We first identified repeat sequences in our genome assembly using the Tandem Repeats Finder [39], LTR_FINDER [40], RepeatProteinMask and RepeatMasker (version 3.2.9, Institute for System Biology, Seattle, CA, USA) [41]. The Tandem Repeat Finder was employed to search the tandem repeats from the genome assembly with the following parameters: Match = 2, Mismatch = 7, Delta = 7, PM = 80, PI = 10, Minscore = 50 and MaxPerid = 2000. A de novo repeat library was built by the LTR_FINDER software (version 1.0.6, parameter: -w 2; University of Fudan, Shanghai, China). Subsequently, the RepeatMasker software was utilized to align our genome sequences onto the Repbase TE (version 3.2.9; Genetic Information Research Institute, Mountain View, CA, USA) [42] to search for known repeat sequences, which were also mapped onto the de novo repeat libraries to identify novel types of repeat sequences.
We then annotated the S. chinensis genome assembly using three routine approaches, including homology-based, transcriptome-based and ab initio annotations. We selected several representative animal species to perform the homology annotation, including the Baiji dolphin (Lipotes vexillifer), sperm whale (Physeter catadon), bottlenose dolphin (Tursiops truncates), cattle (Bos Taurus), human (Homo sapiens), mouse (Mus musculus), sheep (Ovis aries), pig (Sus scrofa) and zebrafish (Danio rerio). Related protein sequences were aligned onto our genome sequences utilizing TblastN [43] with an E-value < 1.0e−5. Genewise 2.2.0 [44] was subsequently employed to predict possible gene structures based on the TblastN results.
Total RNA extracted from leucocytes was sequenced on an Illumina HiSeq 4000 platform. These transcriptome reads were aligned onto our genome assembly using HISAT [45]. We utilized Cufflinks (version 2.2.1; University of Maryland, College Park, MD, USA) [46] to identify the preliminary genes. Meanwhile, Augustus [47] and Genscan [48] were employed for ab initio annotation by using the repeat-masked genome sequences. Finally, we employed GLEAN [49] to integrate all predicted genes from the three annotation procedures.
All protein sequences of the GLEAN results were mapped onto the public TrEMBL, SwissProt [50] and KEGG [51] databases using BLASTP with an E-value ≤ 1.0 e−5. We also applied the InterProScan [52] to predict potential functions of these protein sequences with Pfam [53], PRINTS [54], PANTHER [55], ProDom [56] and SMART [57].

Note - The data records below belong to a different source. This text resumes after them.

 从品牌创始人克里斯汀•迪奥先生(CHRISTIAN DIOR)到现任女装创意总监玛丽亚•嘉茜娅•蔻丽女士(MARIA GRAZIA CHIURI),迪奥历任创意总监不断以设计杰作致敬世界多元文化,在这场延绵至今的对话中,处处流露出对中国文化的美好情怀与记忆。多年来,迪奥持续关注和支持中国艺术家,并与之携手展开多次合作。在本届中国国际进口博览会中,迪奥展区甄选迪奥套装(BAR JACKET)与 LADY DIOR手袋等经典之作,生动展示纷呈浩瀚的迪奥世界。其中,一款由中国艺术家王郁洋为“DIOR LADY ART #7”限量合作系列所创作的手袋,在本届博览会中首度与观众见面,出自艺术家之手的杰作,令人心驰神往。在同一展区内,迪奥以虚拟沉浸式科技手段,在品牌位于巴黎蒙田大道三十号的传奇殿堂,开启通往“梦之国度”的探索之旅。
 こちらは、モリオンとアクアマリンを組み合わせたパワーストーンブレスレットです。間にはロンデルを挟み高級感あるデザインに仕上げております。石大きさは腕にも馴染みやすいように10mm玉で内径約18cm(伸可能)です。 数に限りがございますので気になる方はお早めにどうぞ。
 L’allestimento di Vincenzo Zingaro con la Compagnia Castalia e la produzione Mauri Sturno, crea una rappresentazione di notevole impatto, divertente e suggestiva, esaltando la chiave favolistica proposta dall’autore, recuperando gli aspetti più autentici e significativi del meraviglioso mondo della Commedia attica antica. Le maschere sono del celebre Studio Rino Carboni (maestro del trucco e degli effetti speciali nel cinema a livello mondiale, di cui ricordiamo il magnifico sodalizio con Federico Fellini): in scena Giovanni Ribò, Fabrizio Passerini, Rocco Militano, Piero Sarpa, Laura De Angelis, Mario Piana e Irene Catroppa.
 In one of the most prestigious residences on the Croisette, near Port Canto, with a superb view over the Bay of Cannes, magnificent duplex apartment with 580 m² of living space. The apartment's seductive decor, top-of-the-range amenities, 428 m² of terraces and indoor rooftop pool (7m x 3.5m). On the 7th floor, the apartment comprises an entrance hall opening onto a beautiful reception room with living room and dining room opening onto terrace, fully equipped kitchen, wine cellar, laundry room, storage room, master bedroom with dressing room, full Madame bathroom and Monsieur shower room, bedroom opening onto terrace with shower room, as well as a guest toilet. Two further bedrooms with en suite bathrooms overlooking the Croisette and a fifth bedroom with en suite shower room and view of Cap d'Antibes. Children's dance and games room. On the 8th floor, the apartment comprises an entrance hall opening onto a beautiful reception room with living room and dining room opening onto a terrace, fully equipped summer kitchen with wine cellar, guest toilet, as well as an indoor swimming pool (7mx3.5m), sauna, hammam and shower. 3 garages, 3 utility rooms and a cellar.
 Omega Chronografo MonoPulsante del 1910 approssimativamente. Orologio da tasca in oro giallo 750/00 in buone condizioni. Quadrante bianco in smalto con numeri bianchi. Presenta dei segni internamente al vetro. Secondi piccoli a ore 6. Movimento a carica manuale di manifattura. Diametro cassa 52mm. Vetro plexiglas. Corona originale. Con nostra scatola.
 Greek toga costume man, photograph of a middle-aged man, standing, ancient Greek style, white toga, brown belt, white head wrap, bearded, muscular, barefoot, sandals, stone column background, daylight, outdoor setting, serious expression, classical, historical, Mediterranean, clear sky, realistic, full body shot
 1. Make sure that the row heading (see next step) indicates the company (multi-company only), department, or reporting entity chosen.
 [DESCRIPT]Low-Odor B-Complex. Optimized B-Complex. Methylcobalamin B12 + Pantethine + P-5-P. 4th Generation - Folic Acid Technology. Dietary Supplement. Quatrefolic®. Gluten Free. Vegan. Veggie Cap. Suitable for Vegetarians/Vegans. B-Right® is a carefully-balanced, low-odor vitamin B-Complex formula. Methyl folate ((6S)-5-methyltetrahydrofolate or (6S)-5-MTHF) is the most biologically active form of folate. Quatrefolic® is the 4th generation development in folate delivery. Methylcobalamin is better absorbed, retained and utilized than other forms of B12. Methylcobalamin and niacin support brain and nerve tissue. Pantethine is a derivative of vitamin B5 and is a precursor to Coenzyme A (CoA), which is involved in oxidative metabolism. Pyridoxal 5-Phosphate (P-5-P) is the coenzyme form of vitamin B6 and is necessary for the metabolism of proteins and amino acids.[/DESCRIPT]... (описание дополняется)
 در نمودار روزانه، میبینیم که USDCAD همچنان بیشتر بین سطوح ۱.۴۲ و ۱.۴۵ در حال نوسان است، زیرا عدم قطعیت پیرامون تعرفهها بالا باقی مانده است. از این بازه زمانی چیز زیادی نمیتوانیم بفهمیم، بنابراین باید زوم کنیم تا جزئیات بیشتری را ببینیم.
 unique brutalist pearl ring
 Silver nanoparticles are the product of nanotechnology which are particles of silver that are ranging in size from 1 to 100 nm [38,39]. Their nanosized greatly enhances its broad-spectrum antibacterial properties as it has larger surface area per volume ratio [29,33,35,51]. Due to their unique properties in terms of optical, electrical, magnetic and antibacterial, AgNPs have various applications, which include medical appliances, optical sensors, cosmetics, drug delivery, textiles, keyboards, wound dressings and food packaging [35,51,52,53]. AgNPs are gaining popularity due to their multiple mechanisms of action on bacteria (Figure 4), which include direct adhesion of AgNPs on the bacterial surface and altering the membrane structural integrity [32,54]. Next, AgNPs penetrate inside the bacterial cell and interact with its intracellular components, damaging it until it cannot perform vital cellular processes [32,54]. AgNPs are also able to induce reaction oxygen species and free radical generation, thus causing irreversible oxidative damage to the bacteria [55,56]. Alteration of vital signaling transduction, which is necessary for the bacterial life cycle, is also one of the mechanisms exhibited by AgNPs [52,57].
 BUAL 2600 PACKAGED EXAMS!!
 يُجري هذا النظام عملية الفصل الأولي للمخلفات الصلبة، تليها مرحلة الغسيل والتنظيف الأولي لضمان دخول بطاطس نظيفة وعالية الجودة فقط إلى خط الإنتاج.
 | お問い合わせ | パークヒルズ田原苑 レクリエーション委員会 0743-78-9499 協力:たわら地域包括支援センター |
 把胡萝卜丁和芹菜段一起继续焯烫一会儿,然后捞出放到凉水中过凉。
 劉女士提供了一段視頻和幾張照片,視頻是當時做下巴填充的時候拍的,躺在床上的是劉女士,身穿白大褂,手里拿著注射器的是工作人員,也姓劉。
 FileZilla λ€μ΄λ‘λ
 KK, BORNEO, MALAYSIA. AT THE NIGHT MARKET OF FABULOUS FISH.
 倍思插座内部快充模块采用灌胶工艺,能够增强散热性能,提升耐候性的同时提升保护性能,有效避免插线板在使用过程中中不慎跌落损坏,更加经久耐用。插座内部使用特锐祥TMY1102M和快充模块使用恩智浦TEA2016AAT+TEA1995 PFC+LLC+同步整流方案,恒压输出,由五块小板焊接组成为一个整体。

4.4. Phylogenetic Relationships of the Chinese White Dolphin

To understand the phylogenetic relationships of Chinese white dolphin, we constructed a phylogenetic tree using Chinese white dolphin and other ten mammals, including six Cetacea species, i.e., Beluga whale (Delphinapterus leucas), Yangtze finless porpoise (Neophocaena asiaeorientalis), Baiji dolphin, bottlenose dolphin, sperm whale and minke whale (Balaenoptera acutorostrata)), as well as two Artiodactyla species (cattle and sheep) and two Euarchontoglires species (human and mouse). Whole-genome gene sets for the other ten mammals were available online, and thus we downloaded them from NCBI. These datasets and the gene sets predicted from the Chinese white dolphin genome were aligned with each other by BLAST (version 2.2.6; Genome Research Center, Cold Spring Harbor, NY, USA) [43] to determine homologous genes. In this way, we obtained 5728 single-copy gene families with 63,008 genes in total. These single-copy genes from each species were concatenated together to constitute a super-length gene that yielded 3,657,951 aligned sites. Finally, the four-fold degerated sites were extracted from these aligned sites to construct the phylogenetic tree with the maximum likelihood (ML) method using PhyML (version 3.0; Université de Montpellier, Montpellier, France) [58].

4.5. Molecular Dating

Bayesian molecular dating was adopted to estimate the neutral evolutionary rate and species divergence time with MCMCTREE from PAML (version 4.4b; University College London, London, UK) [59]. Five nodes (C1~C5) were considered as time-calibrated points with normal distributions and soft constraint bands, allowing a small probability (0.025) of violation. Based on previous research [35], we calibrated the phylogenetic tree with two time points, 61.7~100.5 Mya for Human–Mouse and 71.2–113 Mya for Laurasiatheria and Euarchontoglires, which were retrieved from the TimeTree database [60]. The divergence time between Cetacea and Artiodactyla using the Ypresian fossil Pakicetus (Eocene: 55.8–48.6 Mya) [61,62] was applied as the C3 calibrate point; the C4 calibration point was 10~30 Mya for sheep and cattle based on a previous report [27]; and the divergence between Phocoenidae (such as Finless porpoise) and Monodontidae (such as Beluga whale), calibrated on the basis of the earliest record of a Phocoenid (10.0~11.2 Mya) [63], was chosen as the C5 calibration point. The MCMC (Markov chain Monte Carlo) chain length was set to 200,000 generations and sampled every 200. The first 20% of samples were discarded as burns in. An independent rate model (clock = 2) following a lognormal distribution was employed for the MCMC search.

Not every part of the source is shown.